Thursday, 1 March 2018

Is Autumn Colour Possible on the Coffs Coast?


The quick answer is that the Coffs Coast will never be known for its autumn colour however, it is possible to experience some bold autumn colour and textures here. 

To celebrate the first day of autumn, the following are some examples of what can bring some lovely autumn colour to our Coffs gardens:

Ginkgo biloba (maindenhair tree) its fan-shaped leaves turn butter yellow in the autumn. Choose a male form as the female tree produces a smelly fruit as it falls. These trees grown 9m high and about 5m wide so an expansive area is needed to showcase it. It is possible to grow from cuttings - take a 15cm hardwood piece and place in propagating mix and keep moist, but not wet. Progressively repot into larger pots and grow them on until ready to plant out.



Hawthorn (Crataegus crus-galli) have white flowers in spring. Their foliage turns red/orange in autumn and have red fruit which may persist after the trees have lost their leaves. They are not particular about soil type, although they do perform better in a deep loamy soil.



Chinese tallow tree (Sapium sebiferum) a long time favourite of gardeners which provides yellow, orange and burgundy coloured autumn leaves. Unfortunately it is fast becoming an invasive environmental weed of water courses and native vegetation areas. So it would be my recommendation to not go there with this medium sized tree even though it has pretty foliage colour.





Liquidambar  (Liquidambar styraciflua) or sweet gum is perhaps one of the most adaptable deciduous trees with various shades of yellow, orange, red and deep purple in autumn. Another one for plenty of space and requires good water resources during its establishment.

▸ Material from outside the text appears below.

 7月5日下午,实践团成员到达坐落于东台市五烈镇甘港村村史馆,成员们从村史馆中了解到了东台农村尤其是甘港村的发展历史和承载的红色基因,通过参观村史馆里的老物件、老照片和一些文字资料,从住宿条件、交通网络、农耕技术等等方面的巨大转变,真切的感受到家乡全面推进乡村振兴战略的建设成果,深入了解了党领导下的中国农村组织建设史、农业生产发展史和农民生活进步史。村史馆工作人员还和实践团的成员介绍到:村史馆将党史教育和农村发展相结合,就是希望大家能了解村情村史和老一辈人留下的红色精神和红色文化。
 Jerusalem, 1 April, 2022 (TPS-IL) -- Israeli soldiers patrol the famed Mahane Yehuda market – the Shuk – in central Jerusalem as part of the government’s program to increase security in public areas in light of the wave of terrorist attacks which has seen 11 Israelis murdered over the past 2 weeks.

Crepe Myrtle (Lagerstroemia indica) is a deciduous, vase-shaped tree which grows to about 6m. They are quite adaptable in that it can be severely pruned and grown as a shrub. The foamy trusses of white, pink, mauve or purple blooms appear in late summer. In the autumn, the mid-green leaves turn yello, orange or red before falling. These trees have the most amazingly beautiful smooth, mottled coloured trunks. A personal favourite, I have to admit!





Claret Ash (Fraxinum angustifolia 'Raywood') one the easiest and most successful trees grown for autumn colour in frost-free climates. Their leaves really do develop into a variety of subtle hues of claret, often accompanied by pendulous clusters of winged seeds. Due to its ease of growing Claret Ash are often used as street trees.

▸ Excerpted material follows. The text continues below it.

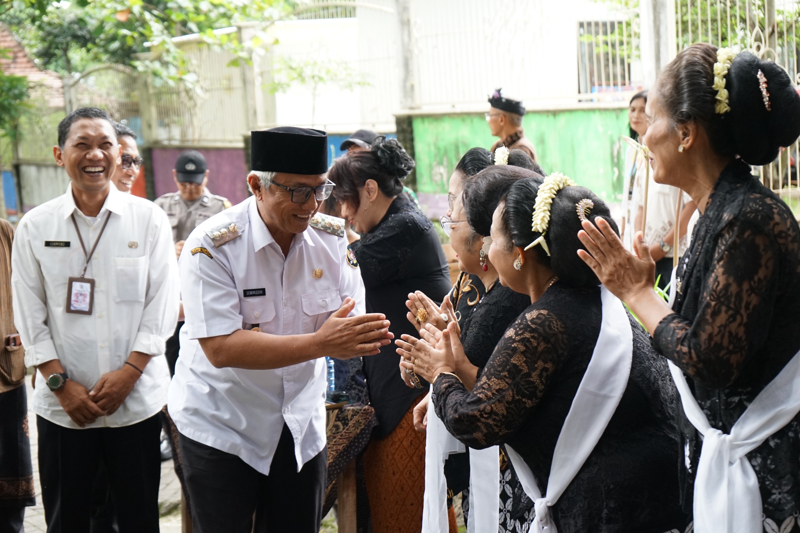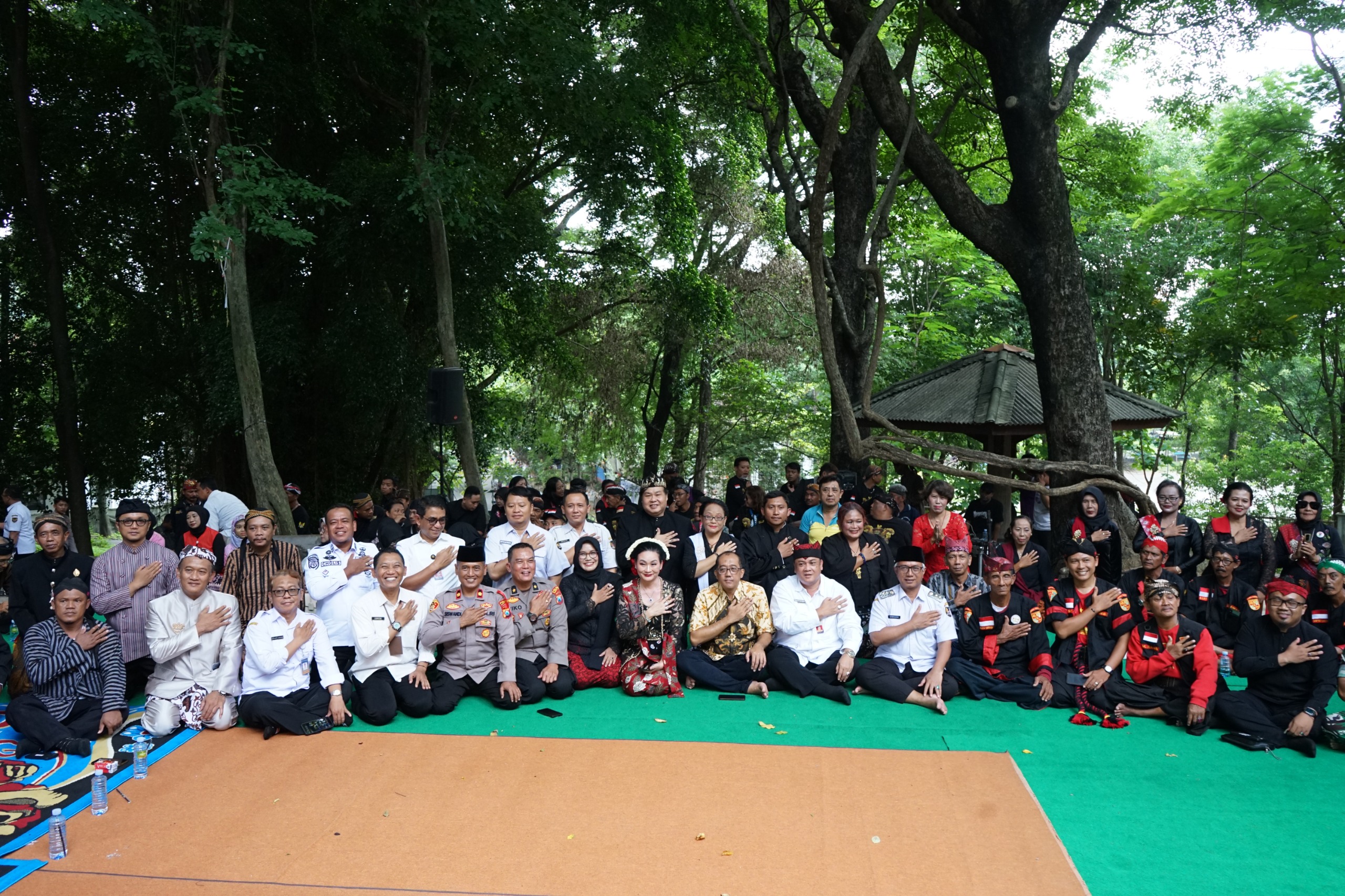 Ketua Yayasan Rumah Budaya Rindu Rikat memberikan bibit pohon kepada Wakil Wali Kota Kediri. Turut hadir, perwakilan Forkopimda, Kepala OPD, Ketua Panitia Dyah Prasadja, dan tamu undangan lainnya.

Chinese Pistachio (Pistacia chinensis) a lovely small, fast-growing deciduous tree which has great autumn colour from bright orange to yellow or scarlet. The bark is dark grey with shallow furrows and has interesting pinnate leaves.








Diamond-leaf laurel (Auranticarpa rhombilfolia, syn. Pittosporum rhombifolium is an evergreen rainforest tree native to coastal northern NSW. In late spring, it is covered with white flowers which later turn into clusters of orange autumn fruit (which birds rarely eat) so these fruits persist into winter. Not real happy about heavy clay soils, it can be used as a hedge, large shrub or a semi-formal standard. 


So in conclusion, yes it is possible to have some wonderful colour although it has to be said, we will have to travel to colder climates to see eye-wateringly beautiful swathes of autumn colour.